TMJ (temporomandibular joint) disorders are a family of problems related to your jaw joint. If you have had symptoms like pain or a "clicking" sound, you'll be glad to know that these problems are more easily diagnosed and treated than they were in the past. These symptoms occur when the joints of the jaw and the chewing muscles (muscles of mastication) do not work together correctly.  TMJ stands for Temporomandibular Joint, which is the name for each joint (right and left) that connects your jaw to your skull.

TMJ disorders develop for many reasons. You might clench or grind your teeth, tightening your jaw muscles and stressing your TM joint. You may have a damaged jaw joint due to injury or disease. Injuries and arthritis can damage the joint directly or stretch or tear the muscle ligaments.  As a result, the disk, which is made of cartilage and functions as the "cushion" of the jaw joint, can slip out of position. Whatever the cause, the results may include a misaligned bite, pain, clicking or grating noise when you open your mouth or trouble opening your mouth wide.

Since some types of TMJ problems can lead to more serious conditions, early detection and treatment are important. No one treatment can resolve TMJ disorders completely and treatment takes time to become effective. DSI specialists can help you have a healthier and more comfortable jaw.


 The diagnosis of a TMJ problem can be based on both patient history and diagnostic procedures.  Common history questions to address include:      

  • Are you aware of grinding or clenching your teeth?

  • Do you wake up with sore, stiff muscles around your jaws?

  • Do you have frequent headaches or neck aches?

  • Does the pain get worse when you clench your teeth?

  • Does stress make your clenching and pain worse?

  • Does your jaw click, pop, grate, catch, or lock when you open your  mouth?

  • Is it difficult or painful to open your mouth, eat or yawn?

  • Have you ever injured your neck, head or jaws?

  • Have you had problems (such as arthritis) with other joints?

  • Do you have teeth that no longer touch when you bite?

  • Do your teeth meet differently from time to time?

  • Is it hard to use your front teeth to bite or tear food?

  • Are your teeth sensitive, loose, broken or worn?            

The more times you answered "yes," the more likely it is that you have a TMJ disorder. Understanding TMJ disorders will also help you understand how they are treated.

Managing TMD

Because there is no known "cure" for TMD, people with TMD manage their disorder in a way that is similar to how people with arthritis or diabetes manage their disease. The goals of managing TMD include decreasing harmful pressure or loading on the jaw joints, restoring function of the jaw and resuming normal daily activities. These goals are best achieved by identifying all factors that make your TMD worse and following a well-defined management program to treat both physical and emotional or psychological factors.

Managing TMD is similar to other musculoskeletal disorders found in the body (such as rheumatoid arthritis or carpal tunnel syndrome). Like many musculoskeletal conditions, the signs and symptoms of TMD may be temporary without serious long-term effects. For these reasons, special effort should be made to avoid aggressive or nonreversible therapy such as surgery, extensive dental treatment or orthodontic treatment.
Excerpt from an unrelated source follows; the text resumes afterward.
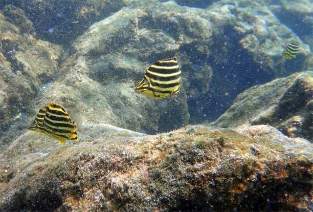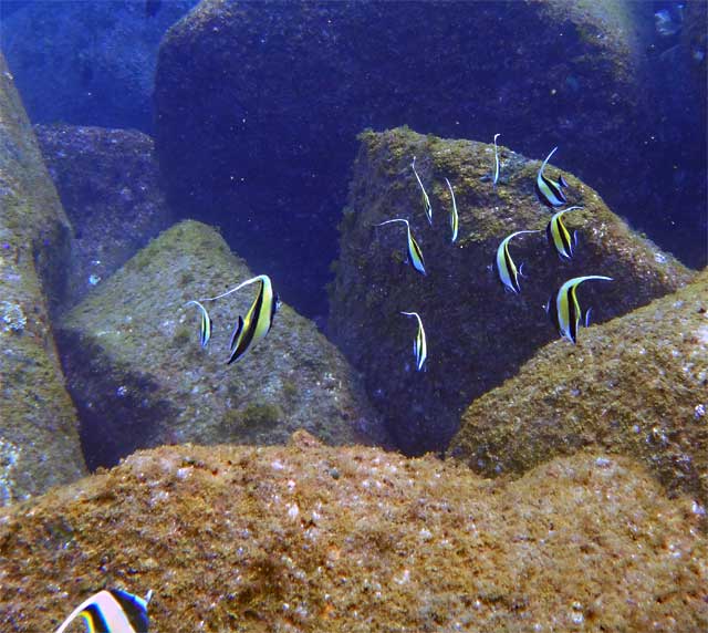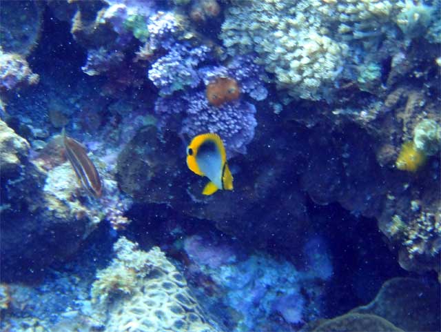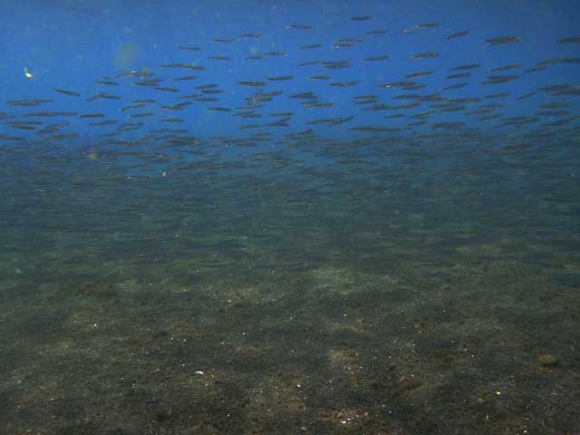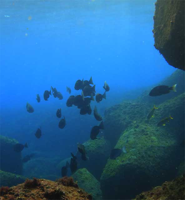 午後からはちょっと沖まで遠出して。うねりが残っているためか、若干の白濁りはしておりますが、やっぱり外海は蒼さが違う感じです。アケボノチョウチョウウオの子どもが一匹いたり、メジナもたくさん群れてたり。

Conservative management techniques such as behavior modification, physical therapy, medication, jaw exercise and orthopedic appliances (orthotics) have proven to be safe and effective in most patients with TMD. Most patients suffering from TMD achieve good long-term relief with conservative therapy. Scientific research demonstrates that more than 50% of TMD patients treated with conservative management have few or no ongoing symptoms of TMD.

Patient Self-care

If you have TMD, there are ways to care for yourself.

  • Limit opening your jaw (yawning, etc.) no further than within a pain free range.
  • Rest your jaw by avoiding heavy chewing (e.g. gum, bagel, tough meats).
  • Avoid grinding and clenching of your teeth by keeping the teeth slightly apart and the jaw relaxed.
  • Avoid leaning or sleeping on the jaw.
  • Avoid tongue thrusting and chewing fingernails or non-food objects.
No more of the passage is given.